Task brief:
Beneath this instruction is a listing. Transcribe from it only the stretch from the line with "3W | 1 stuk |" through the line with "h. 30 cm. Roma, XIX", both end lines included, exactly as written.
Task input section start
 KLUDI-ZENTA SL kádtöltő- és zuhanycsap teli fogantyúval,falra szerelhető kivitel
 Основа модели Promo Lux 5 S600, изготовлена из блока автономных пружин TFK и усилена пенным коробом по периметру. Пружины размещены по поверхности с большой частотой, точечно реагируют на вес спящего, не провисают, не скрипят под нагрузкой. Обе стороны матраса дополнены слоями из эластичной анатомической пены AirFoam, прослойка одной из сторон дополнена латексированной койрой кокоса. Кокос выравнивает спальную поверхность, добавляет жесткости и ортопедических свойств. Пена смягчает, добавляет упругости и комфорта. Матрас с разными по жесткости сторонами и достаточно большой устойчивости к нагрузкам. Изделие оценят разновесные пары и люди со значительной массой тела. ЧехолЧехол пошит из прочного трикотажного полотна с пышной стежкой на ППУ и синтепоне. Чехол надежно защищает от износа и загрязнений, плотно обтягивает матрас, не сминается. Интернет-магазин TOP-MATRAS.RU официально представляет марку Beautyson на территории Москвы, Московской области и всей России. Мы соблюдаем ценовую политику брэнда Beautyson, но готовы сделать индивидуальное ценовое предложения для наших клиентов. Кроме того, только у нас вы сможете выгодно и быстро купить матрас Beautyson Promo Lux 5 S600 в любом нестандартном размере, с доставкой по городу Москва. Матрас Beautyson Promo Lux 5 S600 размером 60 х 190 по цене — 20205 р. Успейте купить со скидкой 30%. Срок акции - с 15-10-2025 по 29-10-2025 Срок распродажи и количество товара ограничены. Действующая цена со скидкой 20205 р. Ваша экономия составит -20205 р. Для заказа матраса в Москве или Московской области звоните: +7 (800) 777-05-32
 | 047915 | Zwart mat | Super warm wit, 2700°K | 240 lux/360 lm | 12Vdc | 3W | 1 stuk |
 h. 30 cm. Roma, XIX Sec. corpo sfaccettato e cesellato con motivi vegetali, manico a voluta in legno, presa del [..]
Task input section end
Task input section start
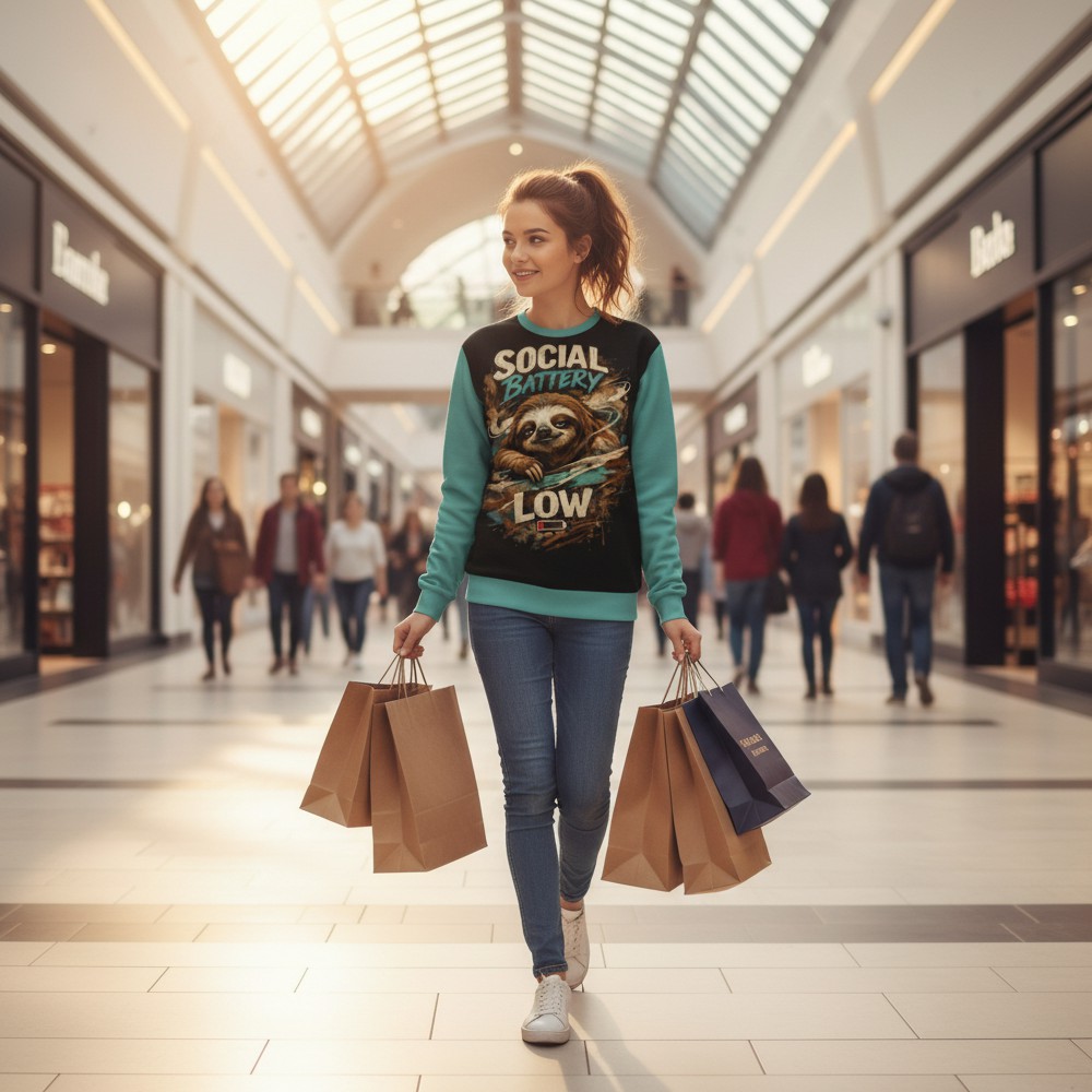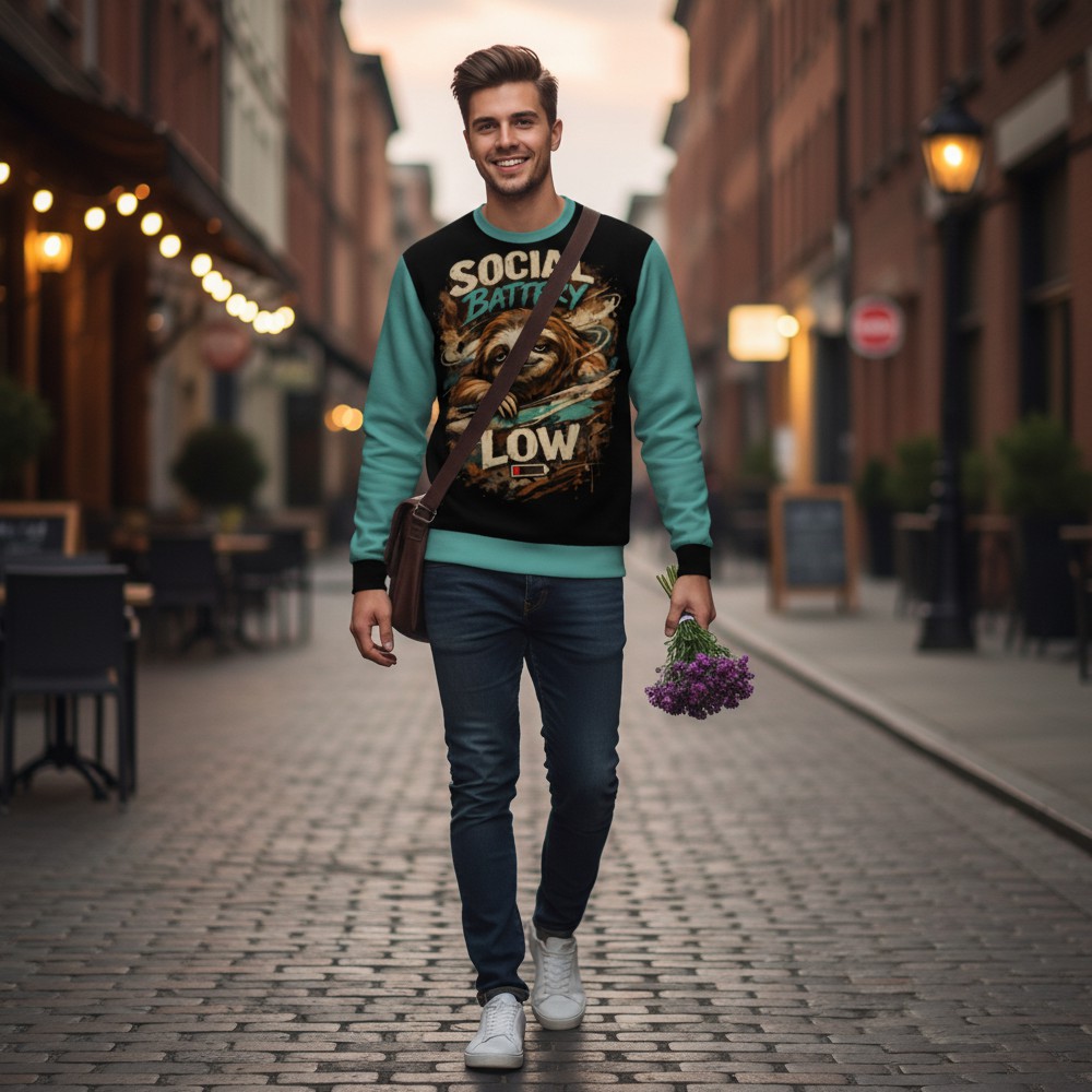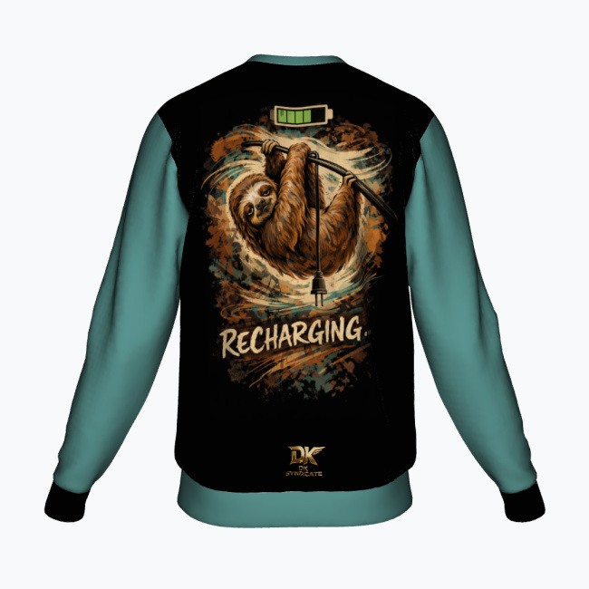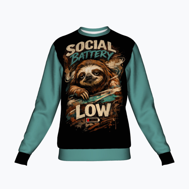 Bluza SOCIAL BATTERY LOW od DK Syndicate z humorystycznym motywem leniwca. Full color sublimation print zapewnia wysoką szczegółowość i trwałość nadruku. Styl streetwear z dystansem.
Task input section end
Solution:
 | 047915 | Zwart mat | Super warm wit, 2700°K | 240 lux/360 lm | 12Vdc | 3W | 1 stuk |
 h. 30 cm. Roma, XIX Sec. corpo sfaccettato e cesellato con motivi vegetali, manico a voluta in legno, presa del [..]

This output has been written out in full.